ITA No.4190/Mum/2016

M/s. Aarti Projects And Constructions, Mumbai

13. Exactly similar issue has been considered by Co-ordinate Bench in case of Suraksha Realtors in I.T.A.No.4223/Mum/2010 vide order dated 21/10/2011 and observed as under:-

The Assessee partnership firm, M/S. Suraksha Realtors, is engaged in development of buildings and residential houses. The firm had undertaken one such construction activity of construction of 343 residential tenements on a plot of land situated at plot - A, Survey No.57, CTS NO.251 A, Village Anik, Chembur, Mumbai, incidentally such housing project was a slum related project. The housing project was developed on a plot of land admeasuring 4550.67 sq. meters (1.13 acre) i.e. on a plot of land admeasuring over 1 acre. All the tenements constructed were of an area at 225 sq. ft. carpet area (about 270 sq. ft. of built up area) which were less than 1000 sq.ft.
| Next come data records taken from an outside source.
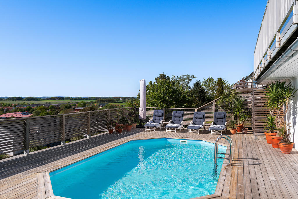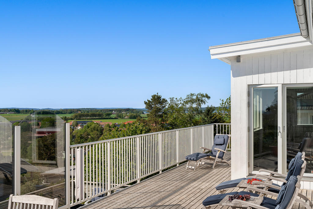 Med ett exceptionellt högt och ogenerat läge, där utsikten sträcker sig milsvid över nejden hela vägen till havet, erbjuds nu ett hem som sällan blir till salu. Här förenas stilren, modern interiör med semesterkänsla i utemiljön – ett boende som präglas av exklusivitet, genomtänkt design och ett energieffektivt leverne. Den sydvästvända placeringen skänker generöst med solljus året om, och från såväl bostadens interiör som dess altaner och poolområde njuter man av den hänförande utsikten. Poolen värms upp med hjälp av solpaneler på taket vilket ger låga driftkostnader, i linje med fastighetens överlag mycket goda energiprestanda.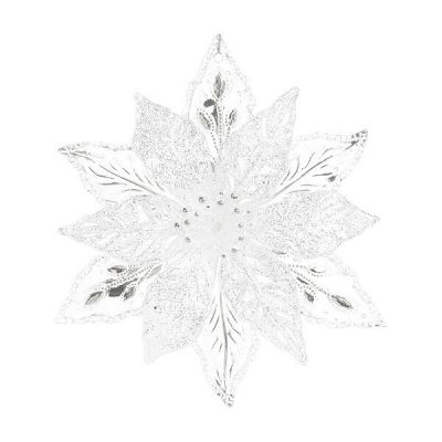 2116 Пуансеттия прозрачная со снежным и серебряным декором11,8х2х13см (отдел елочная игрушка, подвеска на елку)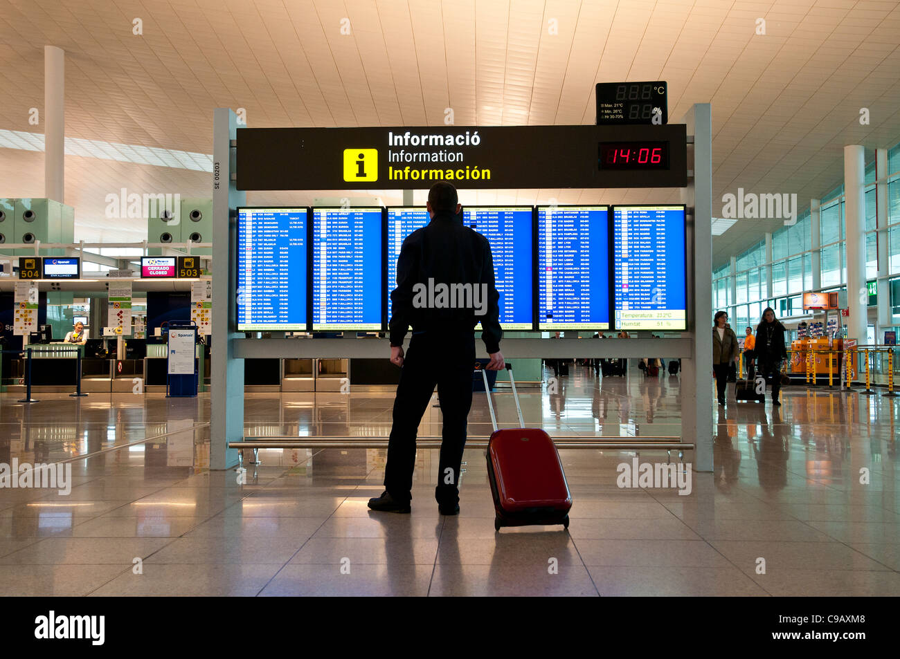 Maschio Adulto Passeggero Caucasici Con Trolley A Guardare La Scheda Di Partenze Barcellona Aeroporto Internazionale El Prat Spagna Foto Stock Alamy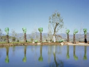 Preston recently won first prize in the landscape category of the 2019 Sony World Photography Awards for a small strand taken from Forest, called To the South of the Colourful Clouds. In these pictures, set in the Haidong Development Zone in Dali, Yunnan Province, a rural area is being transformed into an “ecology model town.” Age-old trees are brought in, planted in red soil, a semi-artificial mixture layered over the ground. In a disused quarry, huge swathes of bright green netting are patched over the unsightly bare rock. The developer’s outlook seems to be that as long as the place is visibly green, the area is deemed environmentally friendly.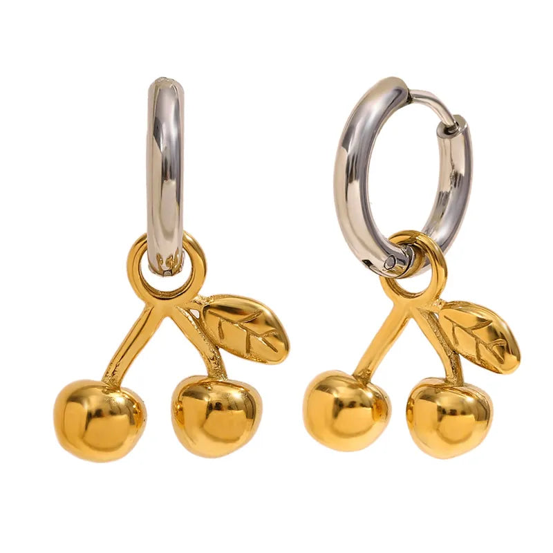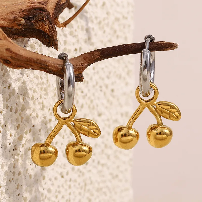 Hoops en acero inoxidable con dije de cerezas colgante.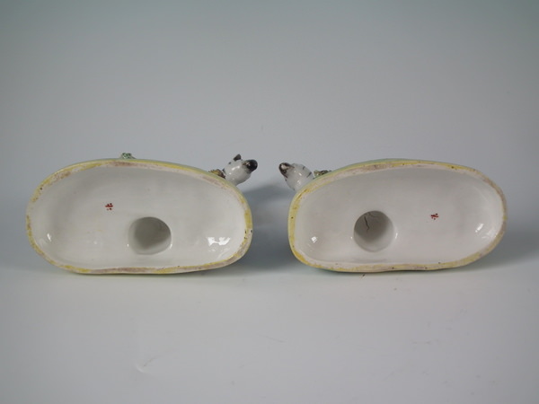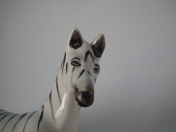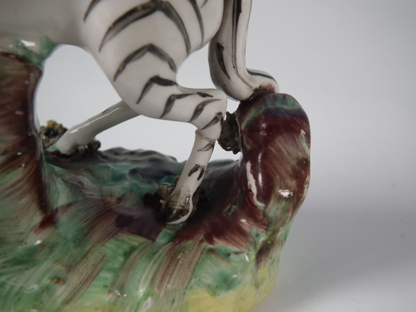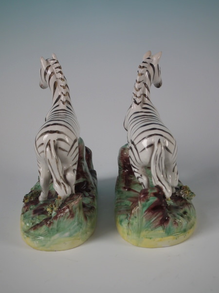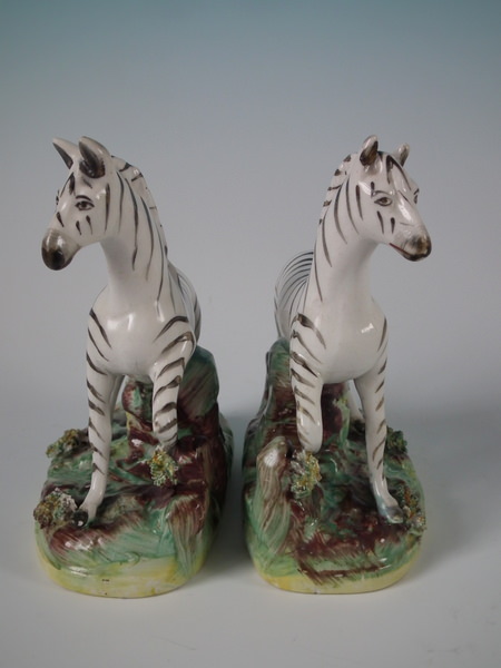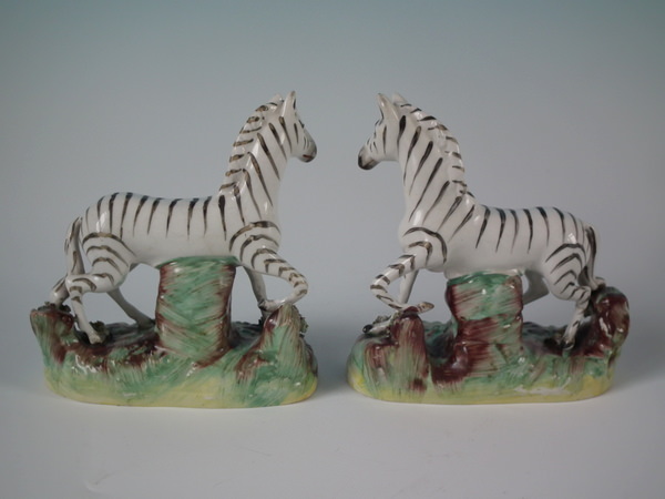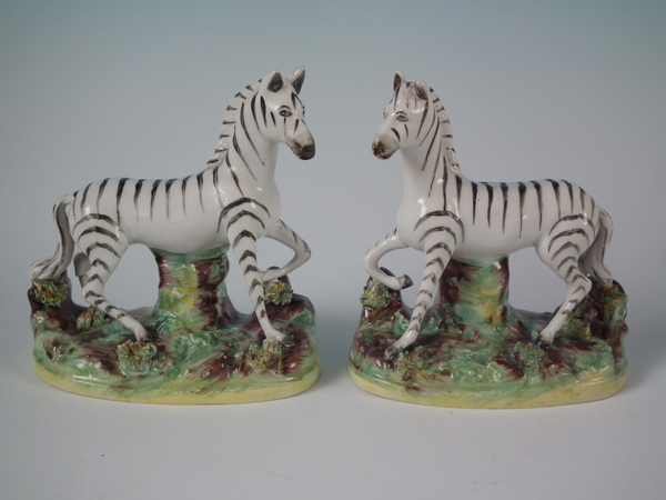 Victorian, circa 1880. Tallest is 4.7ins high, 4.6ins wide, 2.3ins depth. Pair of Staffordshire figures which feature a zebra, prancing on an oval base.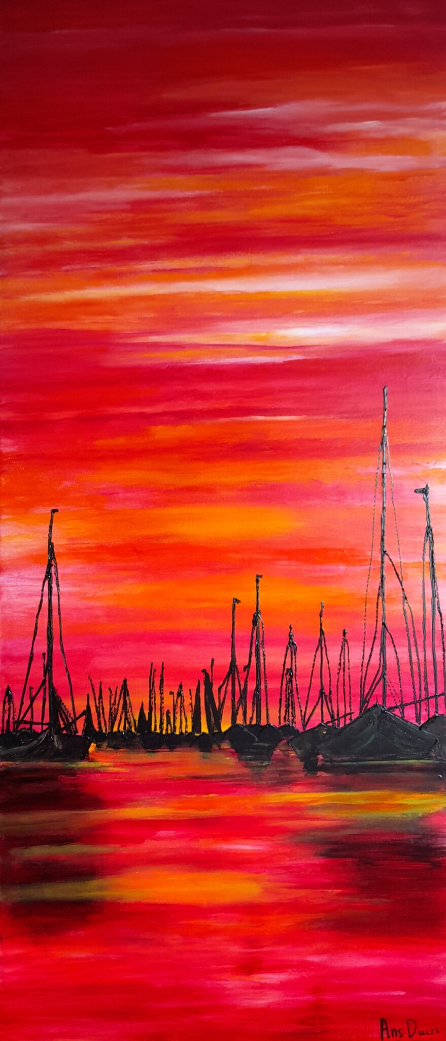 Title: Anchored in the evening .. Acrylic on cotton. Size 140 x 60 x 2 xm. Finished with varnish, for retaining bright color. Free home delivery in the Netherlands.
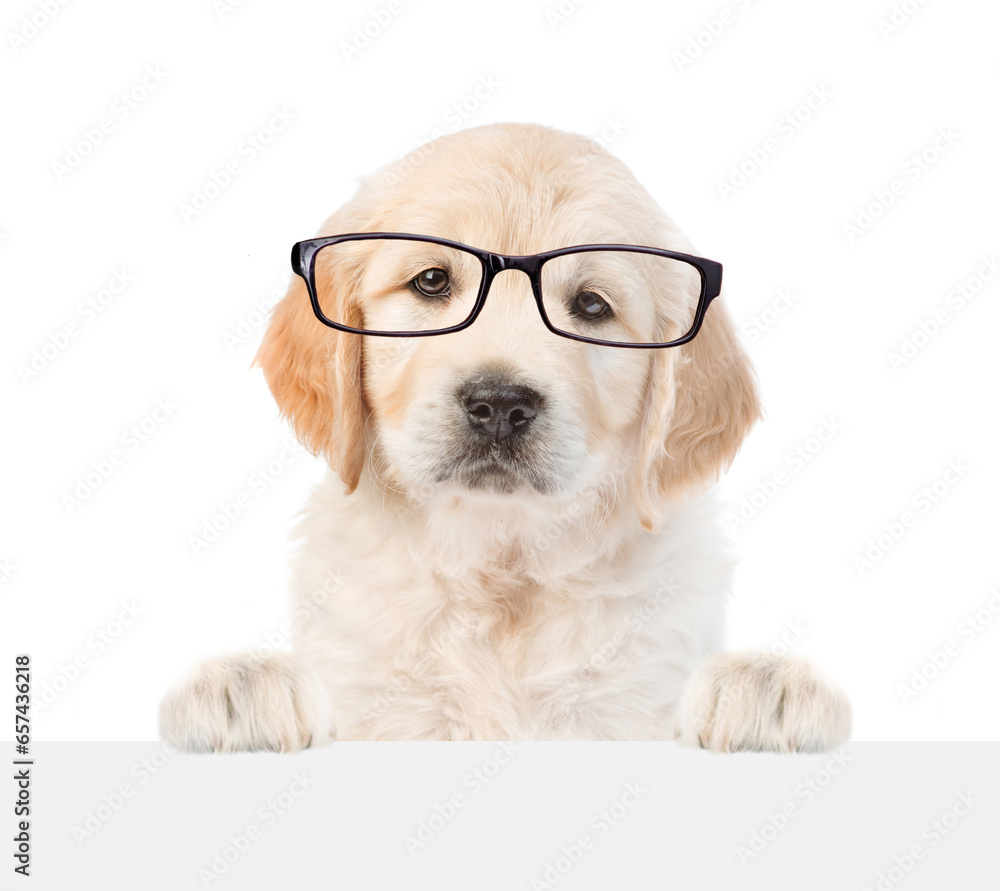 Smart Golden retriver puppy wearing eyeglasses looks above empty white banner. isolated on white background. Empty space for text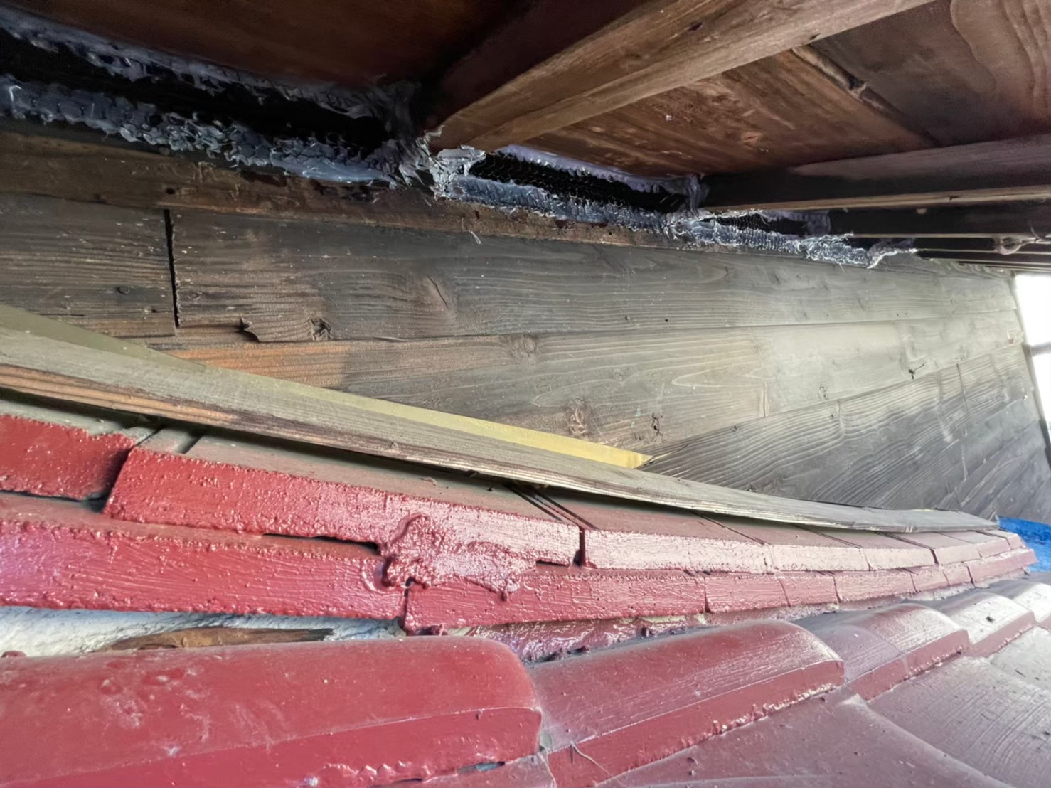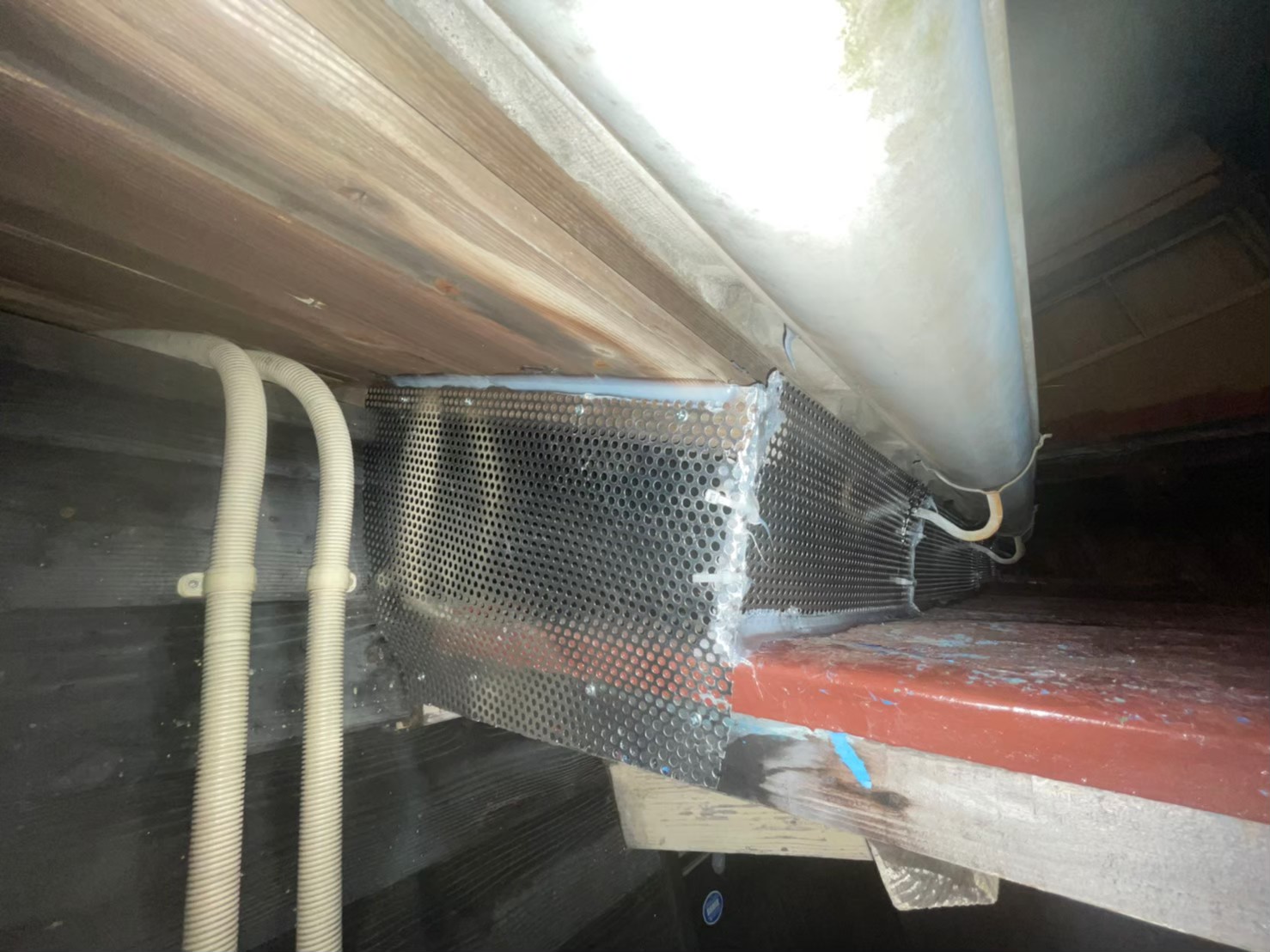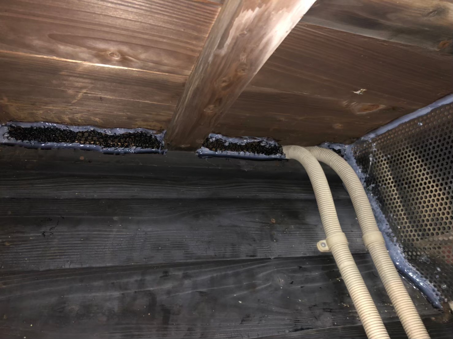 続いて、パンチングメタルや金網、コーキング剤などを用いて、あらゆる侵入経路を封鎖していきます。これによりイタチに限らず、他の害獣の再侵入も防ぐことができます。

per tenement. Such tenements were constructed in four buildings and all the tenements were handed over to the Slum Re-development Authority (SRA). The scheme of sale of flats was under SRA and was governed by Development Control Regulation (DCR) of MCGM under Rule 33(10).The Assessee had earned a profit of Rs 24,98,25,645/- during the year. The same was claimed as deduction u/s 80lB (10). The other condition as to date of commencement, approvals from local authorities, and pronouncement of occupation certificates were fully met as per the provisions of section 80IB(10), The claim of the Assessee u/s 80IB(10) was made as the Assessee had met with all the conditions prescribed under the section. Under the scheme the new homes are given to slum dwellers free of cost and all the tenements constructed for slum dwellers are handed over to the SRA formed under The Maharashtra Slum Areas (Improvement).Clearance and Redevelopment) Act, 1971. The construction activity were governed under DC regulation 33(10). The scheme required to construct and hand over the new homes. Since the SRA did not have sufficient funds and as per the scheme devised the payment was agreed to be made in the form of TDR part of which shall be required to be consumed for construction of tenements for slums and part of which shall be unutilized and shall be available for sale in the 'open market.' Thus sale consideration in the entire housing project was in the form of TDR. The next objection of the AO is the profit on sale of TDR was "attributable to" "to the Assessee" and was not "derived from"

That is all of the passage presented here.